La reazione del Bari è - come di consueto - priva di spunti pericolosi e nell'unica vera occasione, regalata dalla difesa bresciana a Castillo, l'attaccante argentino liscia clamorosamente con il destro, deprimendo ulteriormente Ventura.

La ripresa è spigolosa e i galletti non riescono proprio a scuotersi in avanti, incassando invece qualche incursione di Diamanti - che al 6° esplode un mancino terrificante, sfiorando l'incrocio dei pali - e poi di Eder, impreciso nel diagonale. Ma al Brescia il vantaggio basta e avanza, perchè il Bari - capace di segnare solo 3 gol nelle 7 partite giocate nel 2011 - non si sblocca e lo sciagurato Castillo completa il suo pomeriggio con un tiro cross irraggiungibile per i compagni ed innocuo per il portiere.

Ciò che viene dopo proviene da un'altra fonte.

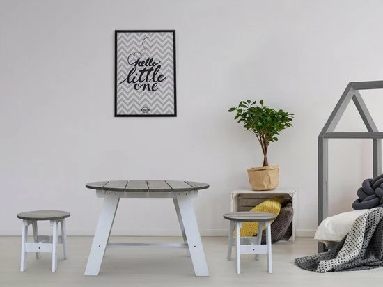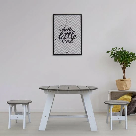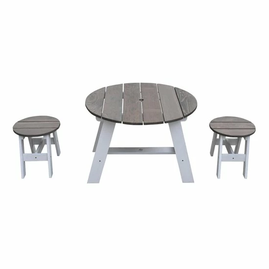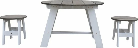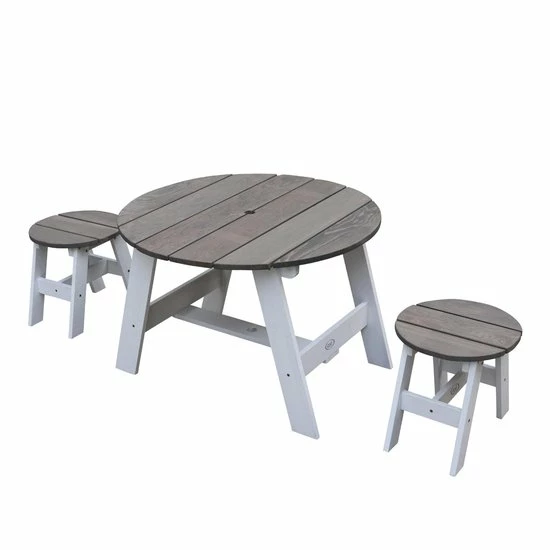 Niet alleen handig, maar ook nog eens zeer smaakvol in je tuin of interieur: de 3-delige Picknick Set Rond Grijs/wit van AXI. Deze ronde houten tafel en krukjes zijn extra stevig en geschikt voor jong en oud. Zowel de tafel als krukjes kunnen een maximaal gewicht van maar liefst 100 kg dragen. De set is uit te breiden met de 2-delige picknickset van AXI (A031.019.12), zodat jij of je kinderen met nog meer vrienden of familie bij elkaar kunt zitten. Vanwege de neutrale grijs/wit tinten past deze set in vrijwel ieder interieur of kan deze gebruikt worden in ??n van de AXI speelhuisjes. Geschikt voor kinderen van 18 maanden en ouder.

Il 90° scocca, facendo salire l'adrenalina ed annebbiare le idee, ma porta con sé anche la dimostrazione pratica di una legge ineluttabile del calcio: Kutuzov, tutto solo, spara addosso ad Arcari il pallone della speranza barese ed il ribaltamento immediato dell'azione - con il lancio lungo per Caracciolo - porta al 2-0 definitivo. La volata dell'Airone si chiude con un destro che sà di condanna per Almiron e compagni e regala al Brescia una vittoria interna che mancava, contro i pugliesi, dal 2001. Il modo migliore per Iachini, festeggiato dai tifosi, di ricominciare la lunga maratona verso il quart'ultimo posto.